The problem: Please retype the listing below exactly as it stands, skipping any pictures.

Available data:

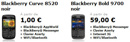 Pour lancer ses nouveaux Forfaits « Ultimate Smartphone », NRJ Mobile commercialise les BlackBerry Bold 9700 et Curve 8520 (exactement les mêmes modèles commercialisés par Virgin Mobile depuis le 13/10) :
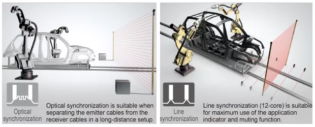 When choosing and installing a safety light curtain, the synchronization method and cable can be selected flexibly according to the customer’s specific application and needs, such as the basic configuration or safety-enhanced configuration with improved operability.
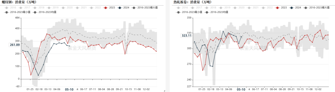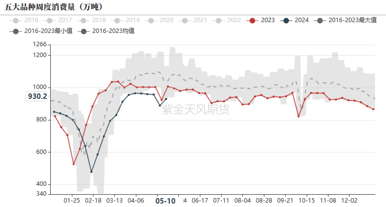 需求方面,本周五大品种消费总量达930.2万吨,环比上升41.37万吨,增幅4.7%,相比于去年同期上升4.7%。
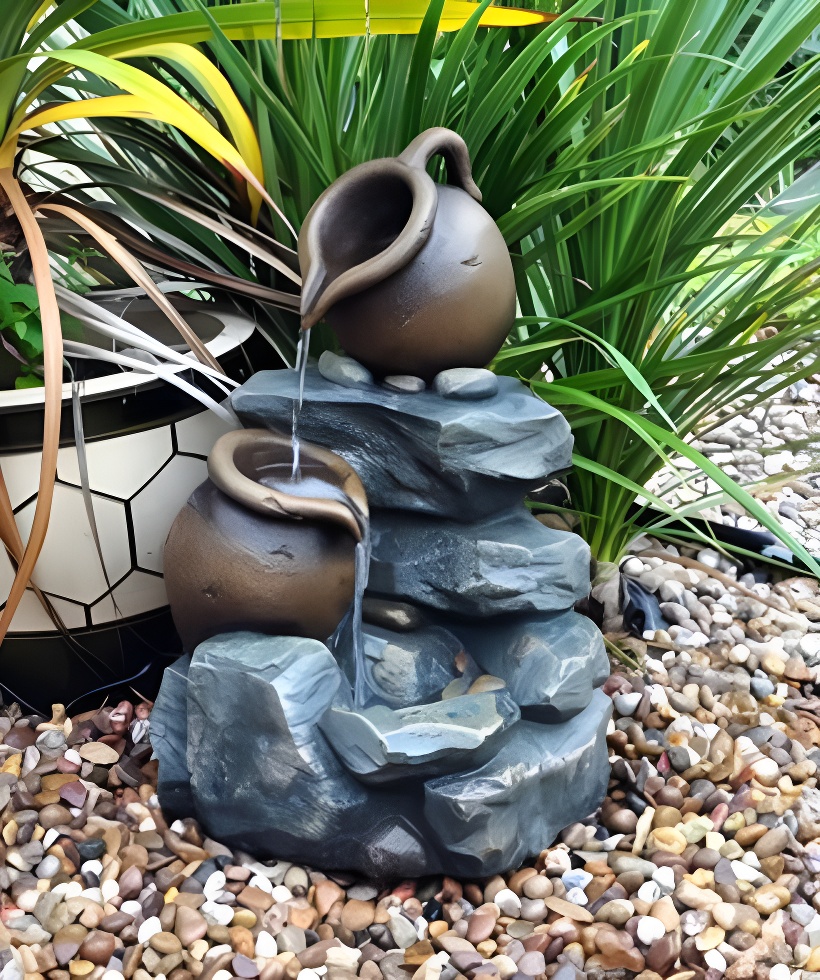 - Звуки каскадной воды: фонтан издает успокаивающие звуки и атмосферу в вашем саду, патио, веранде или во дворе.
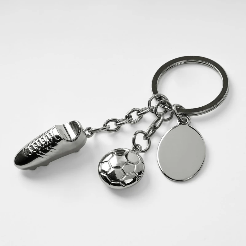 Llavero metálico de fútbol soccer. Incluye placa para grabado, 1 dije de zapato soccer y 1 dije de balón. 3.4 x 10.3 cm.
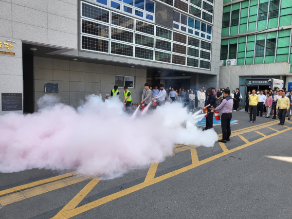 훈련은 화재 발생 신고 및 전파, 직원 대피 유도와 초기 화재 진압 순으로 실전과 다름없는 모의 화재진압 훈련으로 실시됐다.
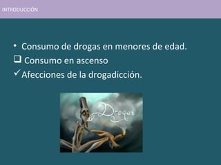 El documento trata sobre el consumo de drogas en adolescentes. Explica que el consumo de drogas entre adolescentes ha ido en aumento y es un problema grave. Analiza las causas del consumo de drogas en los jóvenes, los efectos negativos de la adicción a las drogas y las estadísticas del consumo en países de América Latina.
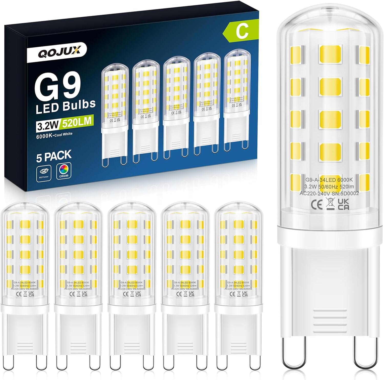 G9 (GU9), Dimmable, Cool white (4000K-6000K), LED (Light emitting diode)
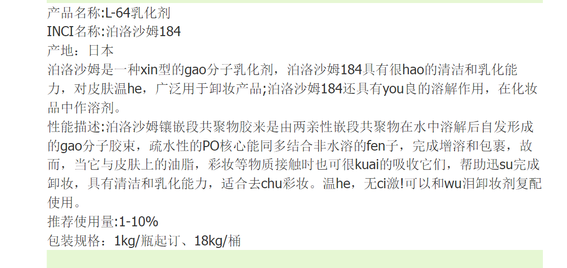 日本 L-64 乳化剂 泊洛沙姆184 卸妆水洁面乳 原料 1kg

Exercise response:
 Pour lancer ses nouveaux Forfaits « Ultimate Smartphone », NRJ Mobile commercialise les BlackBerry Bold 9700 et Curve 8520 (exactement les mêmes modèles commercialisés par Virgin Mobile depuis le 13/10) :
 When choosing and installing a safety light curtain, the synchronization method and cable can be selected flexibly according to the customer’s specific application and needs, such as the basic configuration or safety-enhanced configuration with improved operability.
 需求方面,本周五大品种消费总量达930.2万吨,环比上升41.37万吨,增幅4.7%,相比于去年同期上升4.7%。
 - Звуки каскадной воды: фонтан издает успокаивающие звуки и атмосферу в вашем саду, патио, веранде или во дворе.
 Llavero metálico de fútbol soccer. Incluye placa para grabado, 1 dije de zapato soccer y 1 dije de balón. 3.4 x 10.3 cm.
 훈련은 화재 발생 신고 및 전파, 직원 대피 유도와 초기 화재 진압 순으로 실전과 다름없는 모의 화재진압 훈련으로 실시됐다.
 El documento trata sobre el consumo de drogas en adolescentes. Explica que el consumo de drogas entre adolescentes ha ido en aumento y es un problema grave. Analiza las causas del consumo de drogas en los jóvenes, los efectos negativos de la adicción a las drogas y las estadísticas del consumo en países de América Latina.
 G9 (GU9), Dimmable, Cool white (4000K-6000K), LED (Light emitting diode)
 日本 L-64 乳化剂 泊洛沙姆184 卸妆水洁面乳 原料 1kg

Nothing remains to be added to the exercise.